CHO cell transfection with LOVTAP and RO

Protocol: Transfection of CHO cells


This is the transfection protocol used at the LBTC lab for CHO DG44 cells. The transfection reagent is PEI ([http://en.wikipedia.org/wiki/Polyethylenimine polyethylenimine]).

Please use the provided Excel sheet to calculate the volume of plasmid you should add to the cells. Replace every value in red by your own, then print the sheet out and follow the provided protocol.


1. Passage seed 1 day prior to transfection.

2. Prepare tubes (yellow caps with holes) by addition of the calculated amount of DNA.

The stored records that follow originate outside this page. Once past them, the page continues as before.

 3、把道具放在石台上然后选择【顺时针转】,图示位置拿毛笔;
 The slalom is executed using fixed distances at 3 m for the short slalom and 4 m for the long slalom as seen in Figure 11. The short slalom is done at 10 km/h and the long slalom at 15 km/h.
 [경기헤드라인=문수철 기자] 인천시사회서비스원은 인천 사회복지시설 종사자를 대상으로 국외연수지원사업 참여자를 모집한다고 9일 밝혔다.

3. Centrifuge the necessary volume of seed (after a PCV measurement), remove conditioned medium with the pump (use a 2 ml serological pipet with a broken neck) and resuspend (first in 10 ml) in necessary volume of fresh medium to achieve the required cell density (3 mio/ml).

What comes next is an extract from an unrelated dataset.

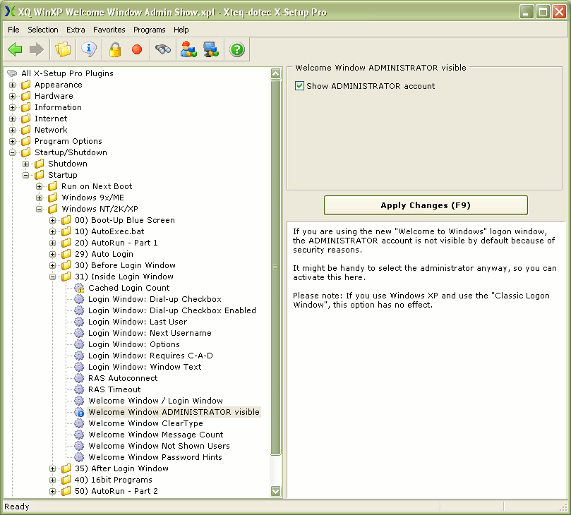 xux99 Δημοσ. 5 Ιουλίου 2005 Δημοσ. 5 Ιουλίου 2005 Μια άλλη λύση είναι η χρήση του δωρεάν προγράμματος X-Setup Pro v6.6. Στην επισυναπτόμενη εικόνα φαίνεται πως ρυθίζουμε το λογαριασμό του διαχειριστή ώστε να είναι ορατός.

4. Add 5 mL of the cell suspension to the tube with DNA and mix orbitally.

5. Add the PEI (45 µl) to the Cell+DNA mixture as soon as possible, flick 3 times.

6. Place in the incubator at 37°C.


  • CHO cells transfection with LovTAP and RO to see if some expression can be detected
  • Culture of seed CHO cells (will be continued on 19th of July)

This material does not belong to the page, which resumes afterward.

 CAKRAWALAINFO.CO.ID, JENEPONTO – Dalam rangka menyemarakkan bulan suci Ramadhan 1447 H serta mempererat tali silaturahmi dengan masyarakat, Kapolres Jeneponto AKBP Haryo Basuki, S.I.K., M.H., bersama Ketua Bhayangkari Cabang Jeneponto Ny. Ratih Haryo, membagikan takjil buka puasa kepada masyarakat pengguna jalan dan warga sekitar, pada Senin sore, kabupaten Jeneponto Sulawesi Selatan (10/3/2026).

Transfection plan: different DNA percentages. Each one of those will have a duplicate. Made the Excel we use for our protocol, calculated total DNA with it. Here is the detail of the tubes we made:

DNA concentration (Stock values) :

LovTAP RO filler unit
0.4 0.29 1.06 µg/µL

Percentage of DNA

Tube number LovTAP RO filler unit
1,2 100 0 0 %
3,4 10 0 90 %
5,6 0 0 100 %
7,8 50 50 0 %
9,10 0 100 0 %
11,12 0 50 50 %

Mass of DNA

Tube number LovTAP RO filler unit
1,2 22.5 0 0 µg
3,4 2.25 0 20.25 µg
5,6 0 0 22.5 µg
7,8 11.25 11.25 0 µg
9,10 0 22.5 0 µg
11,12 0 11.25 11.25 µg

Final volumes added :

Tube number LovTAP RO filler unit
1,2 56.25 0 0 µL
3,4 5.625 0 18.75 µL
5,6 0 0 20.8 µL
7,8 28.125 38.8 0 µL
9,10 0 77.59 0 µL
11,12 0 38.8 10.4 µL

Resuspension:

PCN found for 200µL of cell solution : 1.58 PCN for 100µL = 1.58/2 = 0.79

We need a PCN of 0.2 for 1mio cells/mL -> 4mio cells/mL for 0.79 PCN. Therefore we needed to add 49mL of new medium.